I removed the fill aesthetic, because Petal.Length is a continuous variable and doesn't really make sense as a fill mapping.

It seems to me a density plot with a dodged histogram is potentially misleading or at least difficult to compare with the histogram, because the dodging requires the bars to take up only half the width of each bin.

Regarding the plot, to add the vertical lines, you can calculate the positions within ggplot without using a separate data frame. For example (and loading the ggstance package before running any plot code):

library(ggstance)

  stat_summaryh(fun.x=max, geom="vline", aes(xintercept=..x.., y=0), 
                linetype="dashed", size=1, colour="grey50") +

If I knew how to do that, I would be very glad to share. The closest I got so far is to be able to plot a normal density to match one of the facets (I just chose setosa for this example).

As you can see the density estimate compared to the normal with the same mean and standard deviation kind of makes sense. However, as far as I can see one cannot pass aesthetics to the args parameter of the stat_function so I don't know how to make this work across the facets. (Also I don't know how to plot it on a second y-axis while keeping the histogram on the primary y-axis)...

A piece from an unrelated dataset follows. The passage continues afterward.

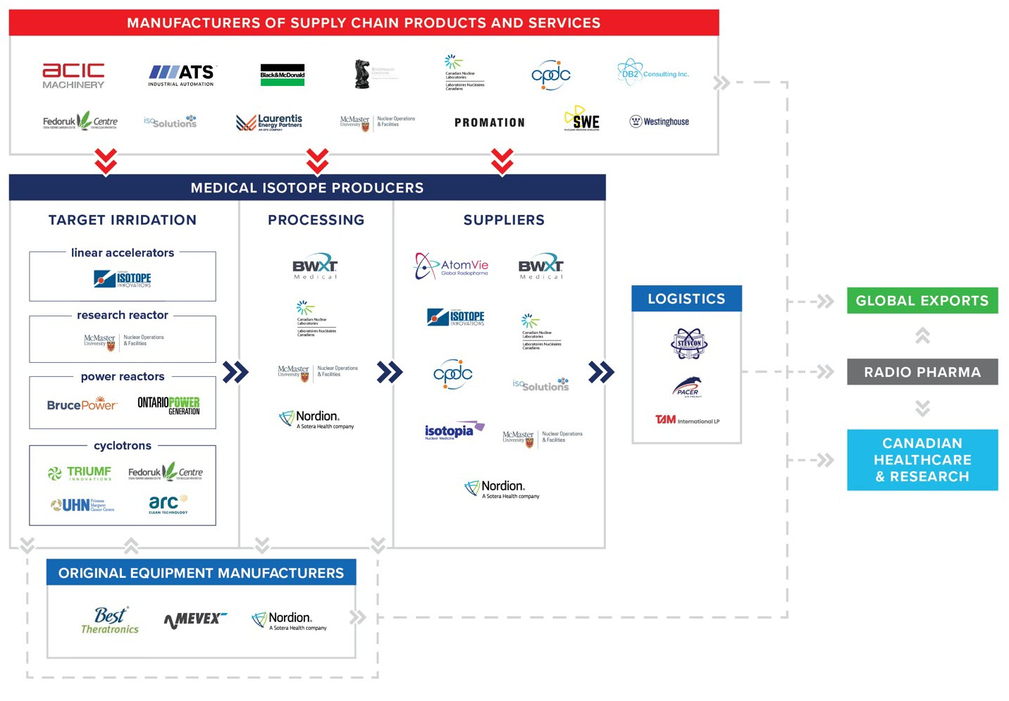 Nearly the complete supply chain for the production, processing and delivery of medical isotopes is represented in Canada

ggplot(iris, aes(x=Sepal.Length, fill=Petal.Length)) + 
	#scale_x_continuous(breaks=c(2,3,4,5,6,7,8,9,10,11,12,13)) + 
	#scale_y_continuous(limits=c(0,18000)) + 
	geom_histogram(bins=12, alpha=.5, position="dodge", colour = "black") + 
	geom_density(colour = "blue") + 
	stat_function(fun = dnorm, args = list(mean = mean(subset(iris, Species == 'setosa')$Sepal.Length), sd = sd(subset(iris, Species == 'setosa')$Sepal.Length))) +
	#geom_vline(data=cdat, aes(xintercept=mean,  colour=Hersteller),linetype="dashed", size=1) + 
	#geom_vline(data=ddat, aes(xintercept=max,  colour=Hersteller),linetype="dashed", size=1) +
	facet_wrap(~Species, scales = "free")

That is my Data Frame. Lieferzeit is something like "Delivery Time", the values are 2 to 13. I would like to split the Bar in the Histogramm with the Hersteller(Manufacturer) the Values are 114 and 113, just two different. And in the end i would like to split the data with facet wrap with the Year of Production.

I am really sure that i can visualize the Normal Distribution Curve of the Delivery Time, but its really hard to do!